Showing posts with label mom. Show all posts
Showing posts with label mom. Show all posts

23.4.15

There Is a Golden Moment

My tea is always cold by the time I finish it. I get distracted with one thing or another and soon its cold. The last sip is always so sweet though, because all the honey has thickened and sunk to the bottom.

That's my life right now. I'm so busy being busy right now, with Jason and the kids, with my friend "The Wendy Bird" and her two lost boys, tending to myself for the first time in my whole life; that I don't have time for the dirty business of the bitter tea that is my illness.

It is real. Of that I have no doubts. It is no neurological sleight of hand or psychological curse. The pain does exist, and it is constant.

But on days like today and yesterday, I can almost forget that its there. It's like an unwanted odor that lurks in the air. You become accustomed to it until you've left the room and returned.

I don't believe my pain and fatigue has mysteriously disappeared simply because I'm happy. Though I do seem better able to "rise and shine" and I'm able to do it a lot earlier than I've previously been able too. I simply believe that the noise of my illness has trouble rising through the dine of my happy home. I awake earlier and more refreshed because Jason ensures I get to bed on time. I am in less pain because I'm busy and have less time to dwell on it.

I'm drinking up the honey right now. That golden moment suspended, sweet and thick on my tongue. And I'm loving it.There is no way cold tea can compete with the sweetness of love, life and laughter.

23.6.14

Leaps and Bounds

I'd forgotten how good it feels to be here.

I just reread my last post and it was chilling to realize that Mom passed only two weeks after that on Father's Day. It was painless and she passed in her sleep, or more specifically, a kind of coma. Mike was sick again and thus unable to go but dad and I sat by her bed for a long while. We talked about letting go and I suggested she hung on because he hadn't yet given her the assurance she needed. He resisted at first. We both cried a great deal. Finally, he went to her bedside. He's become so stiff in his old age that it was painful to watch him stoop toward her ear. But then he did it. He told her that if she needed to go he would be alright. He gave her permission to die. Then he went home and I went to the hotel. She died at 5am that morning. Both a blessing and a curse.

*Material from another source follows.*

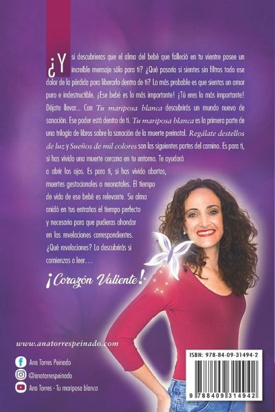 TU MARIPOSA BLANCA: Sana la pérdida de tu bebé Vol.1 ¿Eres una mamá en duelo? ¿Te sientes perdida? ¿Sola e incomprendida? ¿Quieres encontrar respuestas? ¿Buscas consuelo? ¿Deseas sentirte en paz? Este es tu espacio. EL LIBRO QUE DEBES LEER SI DESEAS SANAR EL DUELO GESTACIONAL, PERINATAL, NEONATAL, Y/O ABORTOS (VOL.1) Importa lo que sentiste y sientes por tu bebé. Importas tú. Importáis los dos. Tu experiencia es importante. Tu bebé es importante. Tú eres importante. Ambos sois importantes. Ambos sois amor incondicional. No estás sola. Tu mariposa blanca te acompañará. "Si deseas de corazón sanar tu duelo, Tu mariposa blanca te abraza, te consuela, y honra tus lágrimas" * ¿Qué BENEFICIOS obtendré con Tu mariposa blanca? + El propósito del libro es sanar tu vivencia y hallar respuestas por ti misma. + Te sentirás acompañada, guiada y sostenida. + Conectarás con tu esencia más pura. + Liberarás emociones del trauma a tu propio ritmo. + Conectarás con el alma de tu bebé. + Te adentrarás en el Universo de tu propia experiencia. +Transmutarás el dolor para convertirlo en amor y agradecimiento. + Vivirás un viaje de autodescubrimiento y sanación. + Reforzarás tu intuición. + Te irás sintiendo más en paz. + Conectarás con la parte más espiritual de la muerte, sabiendo que no es el final. ¿Qué más ME PUEDE APORTAR Tu mariposa blanca? -Tu mariposa blanca es un libro emocional que te llevará de la mano para sanar tu duelo. Despacito. Sin prisa. Con calma. Y lo más importante, acompañada. Tu mariposa blanca te puede sostener en esos momentos de dolor e incomprensión. En esos ratitos de silencio. En esos rincones de soledad. Te abraza con cariño y te da besos con mimo. Tu mariposa blanca porta un grandioso amor. A través de su lectura te adentrarás en el Universo de tu propia vivencia. Así podrás conectar con tu bebé. Y sanar. Tu mariposa blanca tiene un poder transmutador innegable. A través de su lectura podrás adentrarte en tus propias emociones para poder liberarlas. Tu mariposa blanca es tu aliado y amigo que será tu sostén en momentos de delirio. Tu mariposa blanca será tu canal para sanar y poder conectarte con tu bebé de una manera maravillosa y especial. Si estás leyendo estas líneas te abrazo fuerte. Muy fuerte. Puedes hacerlo. Puedes sanar. Y con ello, vivir en paz. TU MARIPOSA BLANCA... EL LIBRO DE CABECERA QUE TODA MAMÁ EN DUELO DEBERÍA LEER Llévate a casa un gran apoyo. Una ayuda amorosa. Un abrazo respetuoso. Tu mariposa blanca. Un libro que conectará con tu vivencia de una manera mágica y especial. ¡Te abrazo fuerte! Es momento de honrar tu vivencia. Es momento de quererte. Es momento de honrarle y honrarte. Hazlo por ti. Hazlo por él. TU MARIPOSA BLANCA... TE AYUDA DE CORAZÓN. ¡NO TE LA PUEDES PERDER!

So much of my life had been absorbed in her struggle that I'm not sure I knew what to do with myself. We prepared her funeral. It was a good turnout. That's what they always say, don't they? As if the population of your funeral had anything to do with how you lived your life. She was a loving, caring, devoted person in health. She was alone in sickness. I understand that acutely now. People didn't avoid her because she was a burden or because her frequent bouts with dementia made her unlikeable. It was because her illness forced them to face their own mortality and there is nothing people like more than blinding themselves to negative or unpleasant aspects of life. My friend TJ calls it unnecessary problems. My own illness has brought a similar reaction from some but not all of my acquaintances.

I remember thinking that the Paster knew nothing about her as he read the scripture he'd chosen for her and that I, a veteran pagan, could have chosen more apt scripture for her.

That's been just about two years now. We spread her ashes under her beloved Mulberry tree. I think of her often, dream of her frequently. When I first became ill I was struck by seizures. After an extremely forceful one I couldn't remember that she had passed. It must have been terrible for Mike to have to tell me again. I know it was awful enough living it twice. People often comment about how they still feel the presence of their loved ones either as a spirit or a running dialogue in their minds. I'm happy to say I feel none of that. I feel that she is truly at rest. The girls spray her perfume every once in awhile and on those occasions the pain becomes sharper but there was never a feeling of leaving things undone or unsaid and for that I am grateful.

I miss you, Mom. Everyday you are in my heart just as you always were. Your memory guides me even though your spirit us at rest.